The problem:
Please repeat the records exactly. The pictures are to be left out.

* * *

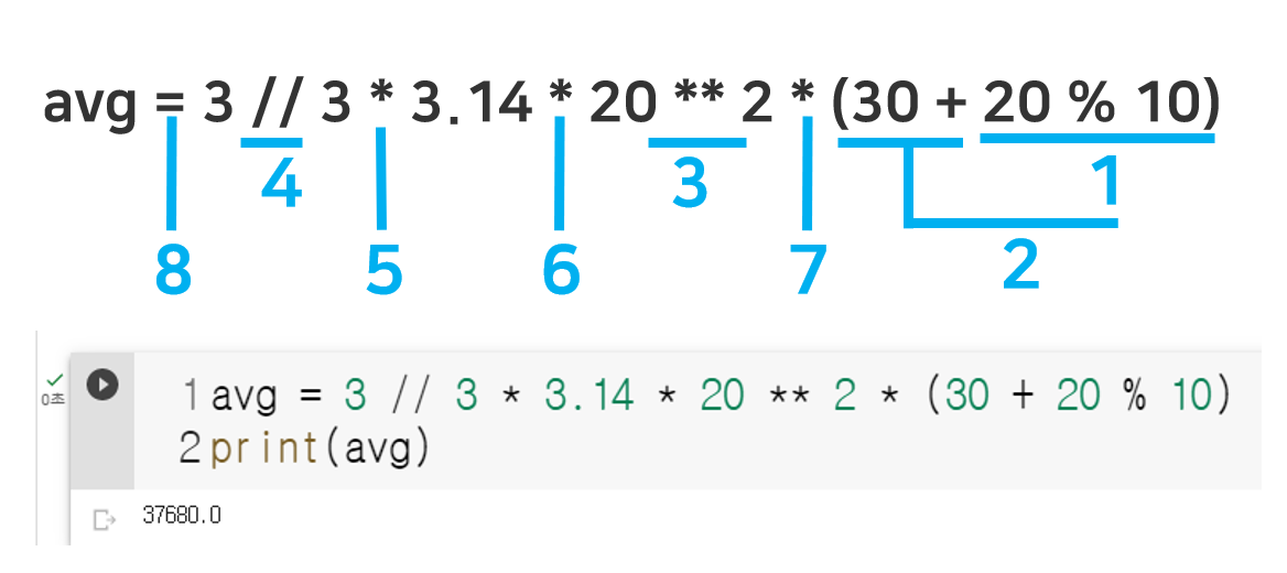 • 사칙연산은 일반적인 연산자 우선순위에 따라 계산됨.
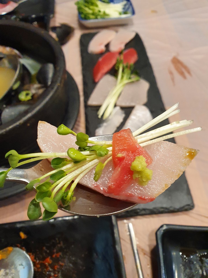 '사장님 설명대로 방어+무순+초생강+고추냉이'를 간장&고추냉이 소스에 콕 찍어서!! 메인 요리 나오면 먹는 법이랑 생선 종류 다 설명해주신다!!
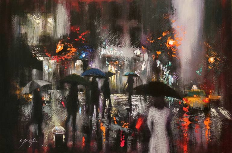 Oil on Canvas 24 x 36 x 1.5 inches from New York city this painting is my ongoing study of Rainy day series I am looking for some positive energy by adopting dark rainy day as possible bridge between my inner desire and what is really happening actual scene here is from Fifth avenue New York C...
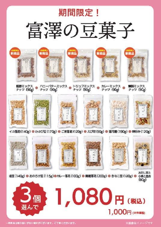 人気の豆菓子17種類から3個組み合わせ自由でお選びいただけるセット。
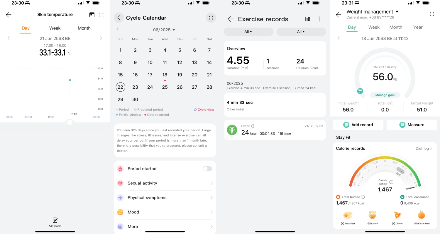 เซนเซอร์ X-TAP ที่ปุ่มด้านข้างนี้ไม่ใช่ปุ่มธรรมดา มันถูกออกแบบมาให้สัมผัสและรับรู้แรงกดที่แตกต่างกัน รวมถึงรูปแบบการสัมผัสได้อย่างชาญฉลาด แค่แตะเซนเซอร์ที่ด้านข้างนาฬิกาเป็นเวลา 3 วินาที ก็จะเข้าสู่โหมด Health Glance ที่แสดงข้อมูลสุขภาพครบครัน 8 ดัชนีสำคัญ ได้แก่ อัตราการเต้นหัวใจ HRV ระดับออกซิเจนในเลือด อุณหภูมิร่างกาย ภาวะอารมณ์ ความเครียด คลื่นไฟฟ้าหัวใจ และการรับรู้การเต้นของหัวใจ
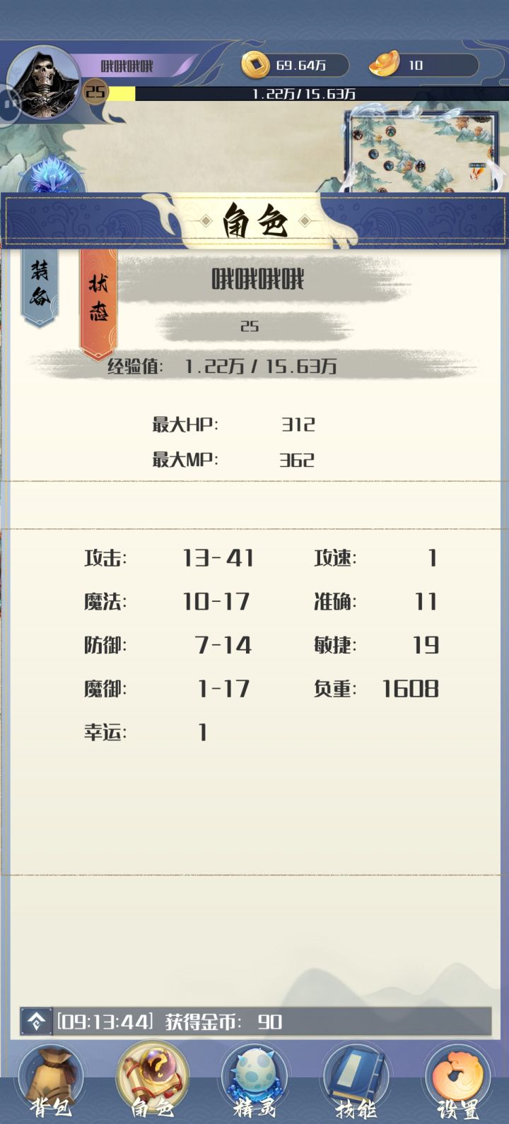 角色升级,只加Hp和MP这是我25级的属性

* * *

Result of the task:
 • 사칙연산은 일반적인 연산자 우선순위에 따라 계산됨.
 '사장님 설명대로 방어+무순+초생강+고추냉이'를 간장&고추냉이 소스에 콕 찍어서!! 메인 요리 나오면 먹는 법이랑 생선 종류 다 설명해주신다!!
 Oil on Canvas 24 x 36 x 1.5 inches from New York city this painting is my ongoing study of Rainy day series I am looking for some positive energy by adopting dark rainy day as possible bridge between my inner desire and what is really happening actual scene here is from Fifth avenue New York C...
 人気の豆菓子17種類から3個組み合わせ自由でお選びいただけるセット。
 เซนเซอร์ X-TAP ที่ปุ่มด้านข้างนี้ไม่ใช่ปุ่มธรรมดา มันถูกออกแบบมาให้สัมผัสและรับรู้แรงกดที่แตกต่างกัน รวมถึงรูปแบบการสัมผัสได้อย่างชาญฉลาด แค่แตะเซนเซอร์ที่ด้านข้างนาฬิกาเป็นเวลา 3 วินาที ก็จะเข้าสู่โหมด Health Glance ที่แสดงข้อมูลสุขภาพครบครัน 8 ดัชนีสำคัญ ได้แก่ อัตราการเต้นหัวใจ HRV ระดับออกซิเจนในเลือด อุณหภูมิร่างกาย ภาวะอารมณ์ ความเครียด คลื่นไฟฟ้าหัวใจ และการรับรู้การเต้นของหัวใจ
 角色升级,只加Hp和MP这是我25级的属性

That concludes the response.